Something that bugs me...
I had, by most people's standards, a fairly strict childhood, as far as early schooling was concerned
(for a yank, anyway).
It was a bi-lingual English Private school in a foreign country. (time frame is '56-'60)
'Nuff said? (God, I hope so!)
This resulted in several confrontations, and a few brinkmanship encounters
between my parents and school.
Occasionally these turned on decisions arrive at by either the school saying:
"Well, you are, of course, free to remove your child anytime you wish."
Or my parents saying something like:
"Of course I can always write next month's check to another school."
Or maybe both.
But I don't think there'd be any reason or excuse you could give to my parents that would get them to "deliver" me to such a place a second time. I doubt I could have hidden the fear of such an encounter from them, well enough that they wouldn't pick it up.
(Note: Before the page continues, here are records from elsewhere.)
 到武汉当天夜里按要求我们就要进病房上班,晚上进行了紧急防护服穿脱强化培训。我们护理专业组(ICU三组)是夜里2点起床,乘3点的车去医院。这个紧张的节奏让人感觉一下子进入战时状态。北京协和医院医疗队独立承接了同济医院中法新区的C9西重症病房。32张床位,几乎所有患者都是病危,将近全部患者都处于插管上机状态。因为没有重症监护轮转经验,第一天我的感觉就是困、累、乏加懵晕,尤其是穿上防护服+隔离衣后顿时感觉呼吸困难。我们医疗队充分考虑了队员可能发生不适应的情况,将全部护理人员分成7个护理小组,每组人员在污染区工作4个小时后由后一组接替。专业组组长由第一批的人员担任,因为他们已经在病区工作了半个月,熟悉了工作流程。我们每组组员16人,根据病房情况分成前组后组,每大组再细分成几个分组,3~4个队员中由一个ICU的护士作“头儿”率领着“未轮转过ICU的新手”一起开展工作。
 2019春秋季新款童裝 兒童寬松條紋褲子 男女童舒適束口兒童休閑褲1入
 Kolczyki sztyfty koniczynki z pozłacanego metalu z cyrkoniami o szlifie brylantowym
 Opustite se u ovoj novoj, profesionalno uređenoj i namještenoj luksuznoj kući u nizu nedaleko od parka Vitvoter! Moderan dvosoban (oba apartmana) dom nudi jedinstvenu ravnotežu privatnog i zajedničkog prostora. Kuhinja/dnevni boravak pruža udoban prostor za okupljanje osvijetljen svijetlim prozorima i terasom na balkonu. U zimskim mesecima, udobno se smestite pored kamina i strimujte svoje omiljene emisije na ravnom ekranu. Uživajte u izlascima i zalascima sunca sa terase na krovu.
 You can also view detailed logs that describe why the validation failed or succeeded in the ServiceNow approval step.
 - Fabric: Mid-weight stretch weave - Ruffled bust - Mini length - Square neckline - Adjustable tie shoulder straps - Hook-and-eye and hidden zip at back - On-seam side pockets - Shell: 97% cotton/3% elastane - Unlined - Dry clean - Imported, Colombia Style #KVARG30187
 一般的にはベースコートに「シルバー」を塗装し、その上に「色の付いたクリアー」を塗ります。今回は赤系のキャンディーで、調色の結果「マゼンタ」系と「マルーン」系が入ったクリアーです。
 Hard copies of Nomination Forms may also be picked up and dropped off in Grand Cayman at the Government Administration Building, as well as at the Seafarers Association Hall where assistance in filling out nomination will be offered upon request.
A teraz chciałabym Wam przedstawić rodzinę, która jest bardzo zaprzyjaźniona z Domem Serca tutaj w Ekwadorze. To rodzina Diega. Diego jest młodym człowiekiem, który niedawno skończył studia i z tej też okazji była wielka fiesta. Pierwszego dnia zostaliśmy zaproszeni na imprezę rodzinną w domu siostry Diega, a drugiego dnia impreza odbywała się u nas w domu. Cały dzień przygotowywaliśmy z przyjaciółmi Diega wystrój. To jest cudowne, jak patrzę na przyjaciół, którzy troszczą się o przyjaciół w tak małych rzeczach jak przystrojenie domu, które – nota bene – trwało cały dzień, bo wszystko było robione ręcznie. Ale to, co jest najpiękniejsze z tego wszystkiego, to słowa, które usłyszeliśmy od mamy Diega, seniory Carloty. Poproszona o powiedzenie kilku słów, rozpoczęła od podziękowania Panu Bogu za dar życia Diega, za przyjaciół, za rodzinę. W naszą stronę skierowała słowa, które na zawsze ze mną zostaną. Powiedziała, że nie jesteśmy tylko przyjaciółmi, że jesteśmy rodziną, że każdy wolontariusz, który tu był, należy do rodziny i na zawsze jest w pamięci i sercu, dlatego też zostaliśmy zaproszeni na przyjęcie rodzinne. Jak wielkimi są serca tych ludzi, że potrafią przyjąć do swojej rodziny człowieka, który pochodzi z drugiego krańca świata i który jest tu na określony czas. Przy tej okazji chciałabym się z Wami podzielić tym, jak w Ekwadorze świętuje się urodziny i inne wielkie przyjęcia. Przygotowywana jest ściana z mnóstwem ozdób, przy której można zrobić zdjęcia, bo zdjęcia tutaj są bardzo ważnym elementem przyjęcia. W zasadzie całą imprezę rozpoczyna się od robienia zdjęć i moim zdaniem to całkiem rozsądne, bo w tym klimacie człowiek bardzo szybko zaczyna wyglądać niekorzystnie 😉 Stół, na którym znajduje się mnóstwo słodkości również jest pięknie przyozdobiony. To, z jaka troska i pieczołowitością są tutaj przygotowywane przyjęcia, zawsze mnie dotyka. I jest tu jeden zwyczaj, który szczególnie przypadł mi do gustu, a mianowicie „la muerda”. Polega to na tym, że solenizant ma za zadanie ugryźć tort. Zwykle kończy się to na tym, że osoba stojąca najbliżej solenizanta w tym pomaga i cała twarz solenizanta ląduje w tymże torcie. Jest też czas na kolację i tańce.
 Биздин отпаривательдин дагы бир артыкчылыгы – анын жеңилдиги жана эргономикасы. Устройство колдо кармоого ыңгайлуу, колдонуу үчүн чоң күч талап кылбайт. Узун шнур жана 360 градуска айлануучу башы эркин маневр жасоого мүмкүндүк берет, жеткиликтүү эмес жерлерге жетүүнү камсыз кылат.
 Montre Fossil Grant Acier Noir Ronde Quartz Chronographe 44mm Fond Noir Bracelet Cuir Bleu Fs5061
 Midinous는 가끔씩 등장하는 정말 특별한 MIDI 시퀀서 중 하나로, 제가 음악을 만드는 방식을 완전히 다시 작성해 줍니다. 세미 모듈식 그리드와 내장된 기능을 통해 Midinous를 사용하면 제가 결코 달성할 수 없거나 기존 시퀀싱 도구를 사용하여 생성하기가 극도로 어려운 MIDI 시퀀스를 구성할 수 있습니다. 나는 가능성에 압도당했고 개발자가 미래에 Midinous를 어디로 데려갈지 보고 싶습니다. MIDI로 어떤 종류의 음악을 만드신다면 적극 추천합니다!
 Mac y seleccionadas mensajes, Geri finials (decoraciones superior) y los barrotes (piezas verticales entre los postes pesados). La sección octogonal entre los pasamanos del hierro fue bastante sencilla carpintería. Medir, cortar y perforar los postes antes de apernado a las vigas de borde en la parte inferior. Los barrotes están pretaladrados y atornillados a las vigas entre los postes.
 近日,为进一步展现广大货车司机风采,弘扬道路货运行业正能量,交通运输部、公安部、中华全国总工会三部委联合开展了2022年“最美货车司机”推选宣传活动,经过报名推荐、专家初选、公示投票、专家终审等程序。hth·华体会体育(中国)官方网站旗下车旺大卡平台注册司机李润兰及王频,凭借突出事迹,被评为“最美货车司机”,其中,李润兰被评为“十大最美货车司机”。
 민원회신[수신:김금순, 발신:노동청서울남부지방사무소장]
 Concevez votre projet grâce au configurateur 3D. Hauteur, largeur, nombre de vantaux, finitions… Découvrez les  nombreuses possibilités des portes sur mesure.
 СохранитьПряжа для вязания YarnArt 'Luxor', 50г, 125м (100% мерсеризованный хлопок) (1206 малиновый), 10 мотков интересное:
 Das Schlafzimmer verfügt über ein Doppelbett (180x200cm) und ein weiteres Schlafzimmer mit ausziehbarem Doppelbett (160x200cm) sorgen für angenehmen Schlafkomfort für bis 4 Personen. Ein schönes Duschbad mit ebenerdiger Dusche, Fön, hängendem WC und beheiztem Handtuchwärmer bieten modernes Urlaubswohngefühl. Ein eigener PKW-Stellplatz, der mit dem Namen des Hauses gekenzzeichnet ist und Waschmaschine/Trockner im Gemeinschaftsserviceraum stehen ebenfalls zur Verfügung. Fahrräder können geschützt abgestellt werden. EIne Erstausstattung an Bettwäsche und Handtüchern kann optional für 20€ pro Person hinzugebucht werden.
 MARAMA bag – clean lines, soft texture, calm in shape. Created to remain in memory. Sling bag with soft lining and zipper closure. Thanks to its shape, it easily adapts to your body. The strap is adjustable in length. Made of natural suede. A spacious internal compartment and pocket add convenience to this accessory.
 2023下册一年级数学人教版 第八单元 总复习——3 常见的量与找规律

My parents were patriotic, in a way that would be hard to understand for people who didn't live through the first half of the 20th century. And my father was not a stranger to classified projects, either (Ex: Hanford Pant - See: Manhattan Project)
But I suspect the only way you'd get my young ar$e in one of these places a second time, would be to kill my parents.
So I am curious:
Just what did they tell your parents about what was going on?
Did they use anything to keep you from telling them "too much"? and what?
What was it they thought was going on?